Дома у Генки была одна бабушка Аннушка.

- А Генка где? - спросил я у неё.

- В бане, - ответила неохотно. Она всё ещё сердилась на нас за сломанную прялку.

У столяра дяди Феди нашёлся кусок липы. Он обещал Генке выточить и скалку, и вилку, но бабушка всё равно сердится на нас.

«Ведь сегодня среда, баня-то не топится, зачем же он пошёл туда?»

- В своей бане, на задах, - пояснила она.

- А что он там делает?- удивился я.

- Иди да погляди! - начала сердиться бабушка. - Мне только и дела, что за вами с Генкой досматривать… У меня своих хлопот хватает!

Бабушка, видать по всему, была сегодня особенно не в духе. Я не стал больше приставать к ней с расспросами. Сейчас пойду и сам увижу, что делает Генка в старой, заброшенной бане.

Позади Генкиного дома был сад, огороженный забором. За садом начинался огород, а в дальнем углу сада стояла баня. Раньше таких бань в селе было полным-полно, но когда колхоз построил общественную баню, то колхозники свои маленькие крытые глиной банёшки забросили. В общественной бане ведь лучше мыться: там и парная, и общее отделение, и номер, и комната отдыха есть. Топят её два раза в неделю. Моются там бесплатно, и хоть целый день размывайся - никто слова не скажет.

Свои банёшки у многих уже развалились, но у соседей всё ещё крепко стоит.

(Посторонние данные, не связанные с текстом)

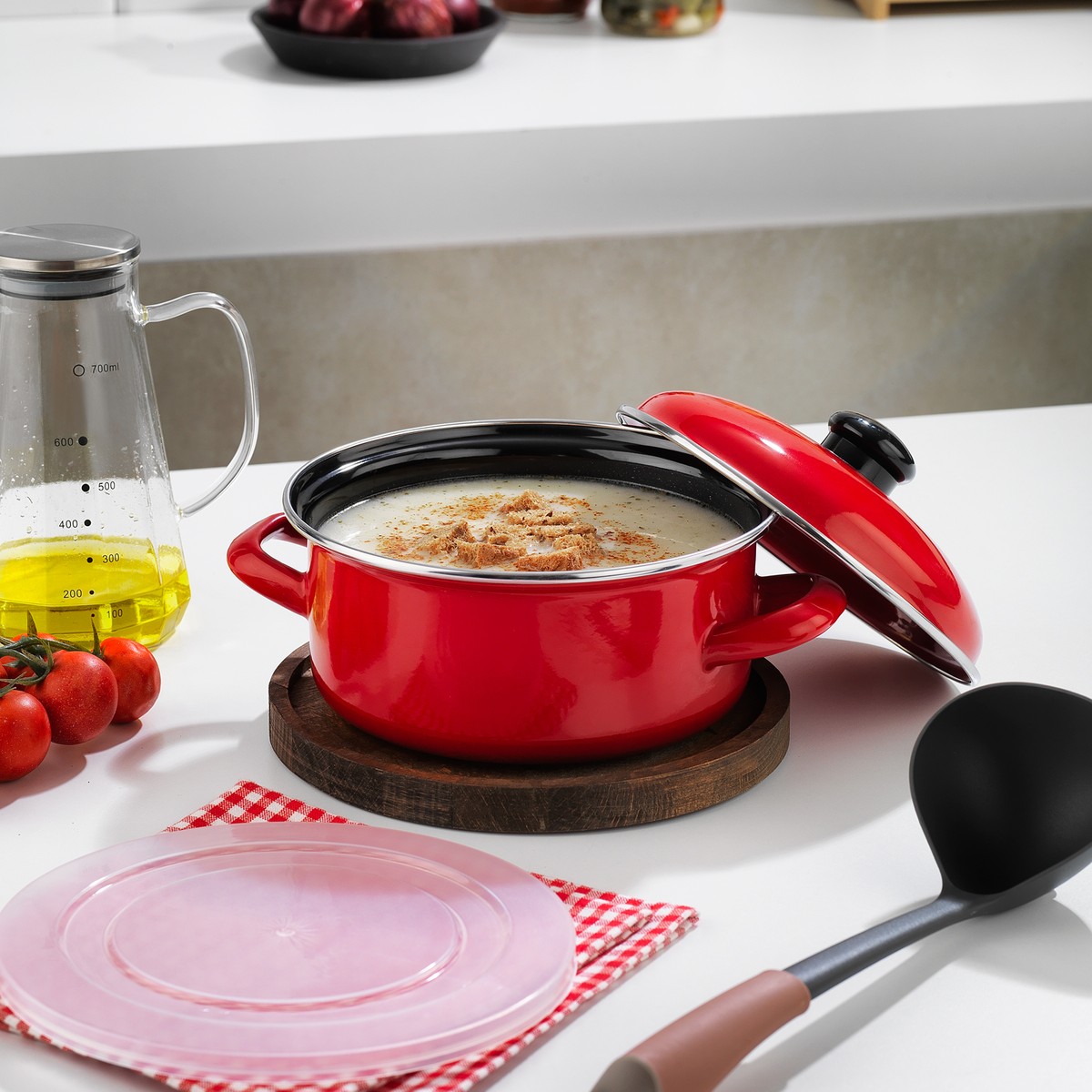 Schafer Komfort Pişir Sakla Emaye Tencere 18 Cm-Kırmızı

Дядя Ваня, Генкин отец, очень высокий, и баню он себе строил тоже высокую, чтобы, когда на полке паришься, головой о потолок не стукаться.

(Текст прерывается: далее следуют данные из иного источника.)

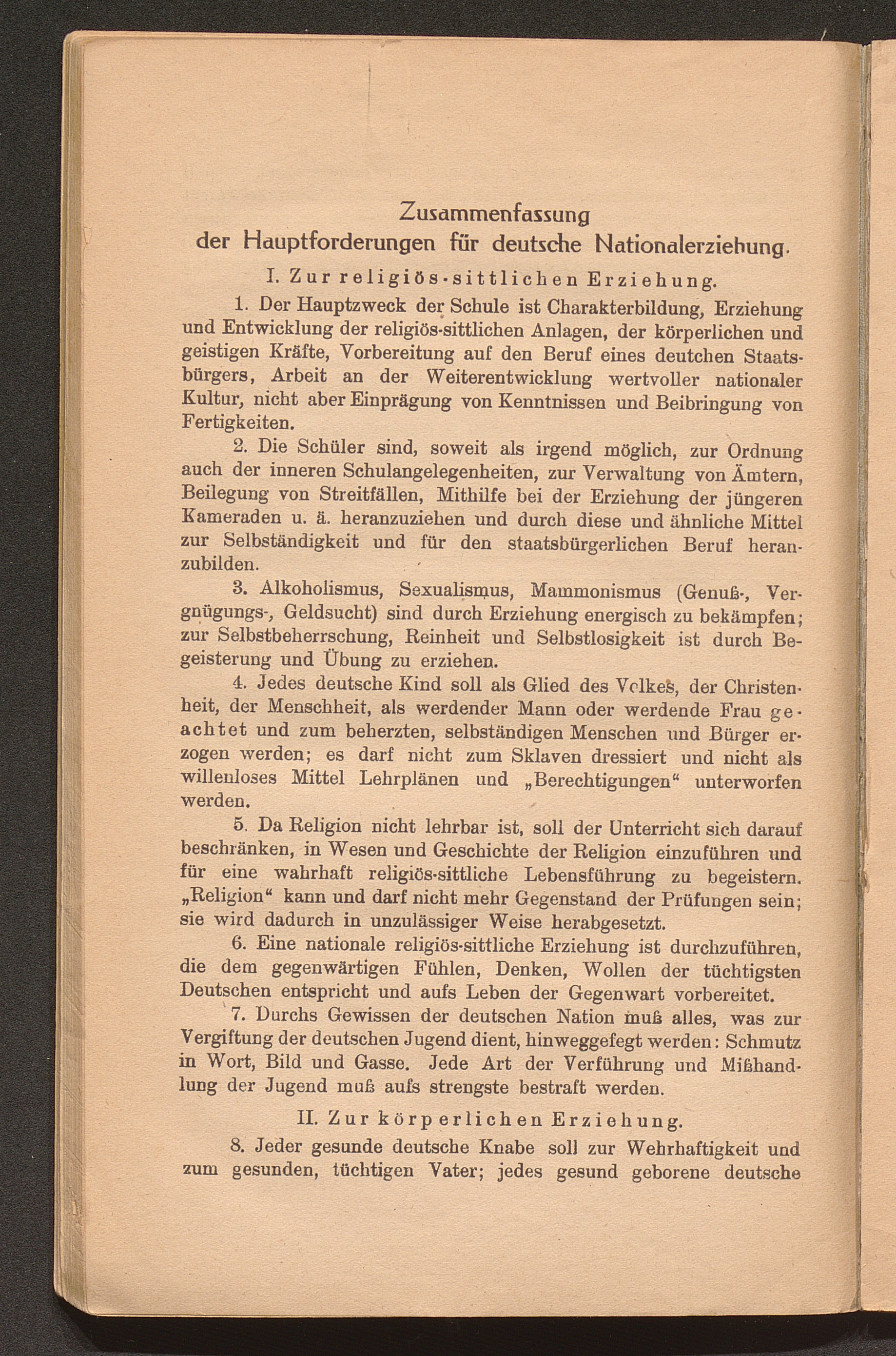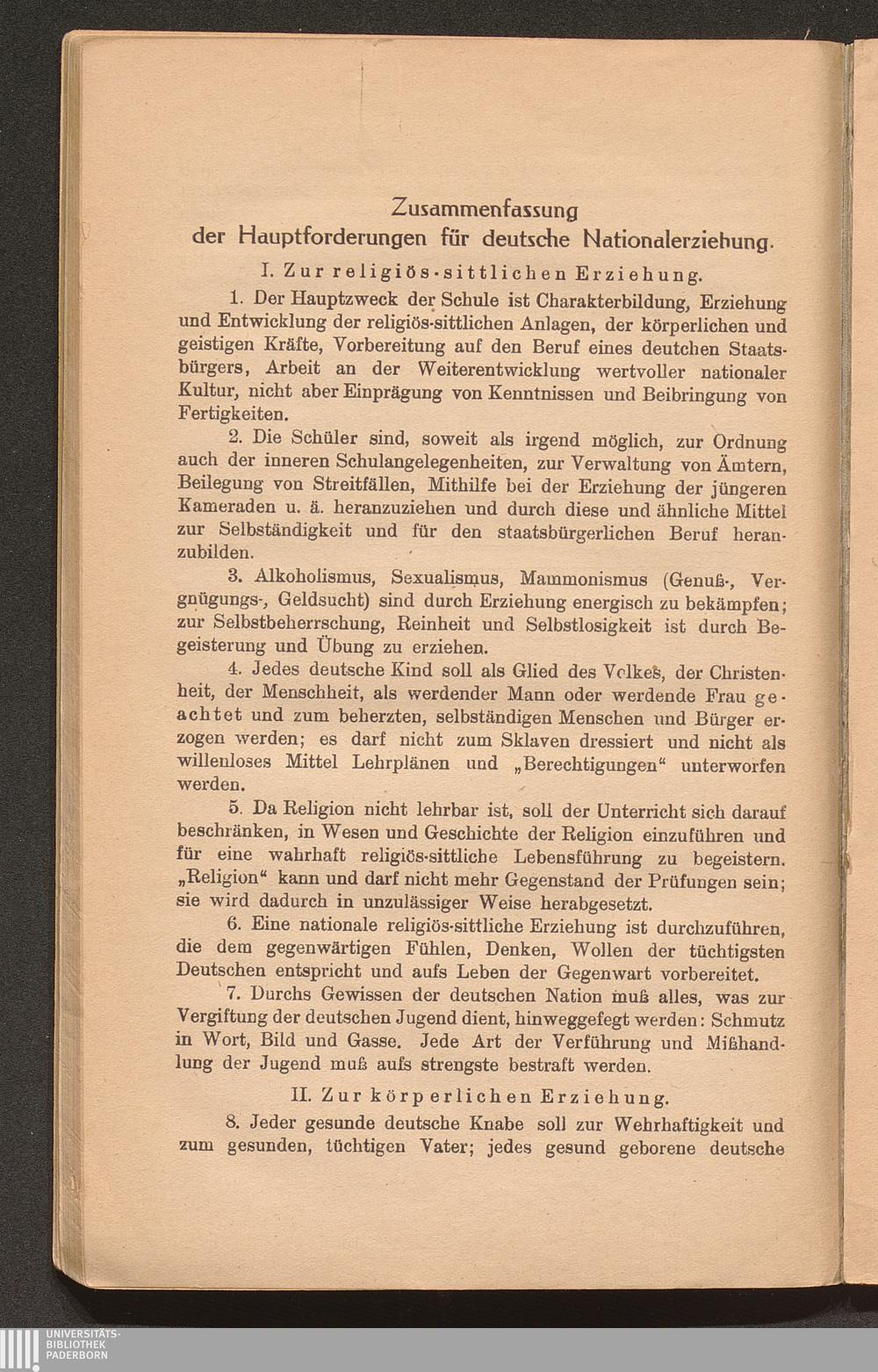 IV. Zwanzig Forderungen für die deutsche Nationalerziehung

Дверь в предбанник была открыта. Я заглянул внутрь.

Генка поставил в предбаннике небольшой стол, который до этого стоял в саду под яблоней, и теперь что-то прибивал к стенке над столом.

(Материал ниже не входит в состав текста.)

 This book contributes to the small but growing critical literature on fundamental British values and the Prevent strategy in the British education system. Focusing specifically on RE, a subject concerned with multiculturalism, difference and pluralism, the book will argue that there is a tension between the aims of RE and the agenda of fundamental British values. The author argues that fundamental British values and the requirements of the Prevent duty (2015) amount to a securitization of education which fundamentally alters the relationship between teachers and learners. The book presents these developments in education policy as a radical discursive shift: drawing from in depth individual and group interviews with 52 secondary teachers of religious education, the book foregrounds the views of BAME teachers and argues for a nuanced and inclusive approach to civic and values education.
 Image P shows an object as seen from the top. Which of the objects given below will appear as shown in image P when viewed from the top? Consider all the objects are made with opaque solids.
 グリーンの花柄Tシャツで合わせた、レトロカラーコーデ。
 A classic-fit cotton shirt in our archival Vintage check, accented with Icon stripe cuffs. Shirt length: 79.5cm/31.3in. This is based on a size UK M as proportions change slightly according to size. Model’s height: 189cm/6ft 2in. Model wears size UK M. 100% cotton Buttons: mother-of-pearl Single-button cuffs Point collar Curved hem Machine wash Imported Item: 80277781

- Генка, ты что тут делаешь?

Генка стоял ко мне спиной, он даже не оглянулся, знай прибивает и так важно говорит:

- Создаю себе творческую атмосферу.

- Чего-о-о?!

- Сказано ясно: творческую атмосферу.

Я вошёл в предбанник. В нём было не очень чисто: стены уже давно не белены, запылились, по углам паутина, потолок прокопчённый. Окно в предбаннике было побольше, чем в бане, но под окном разросся куст сирени, от этого света внутрь попадало мало, вот Генка дверь и не закрыл.

- Ген, зачем она сдалась тебе, эта атмосфера?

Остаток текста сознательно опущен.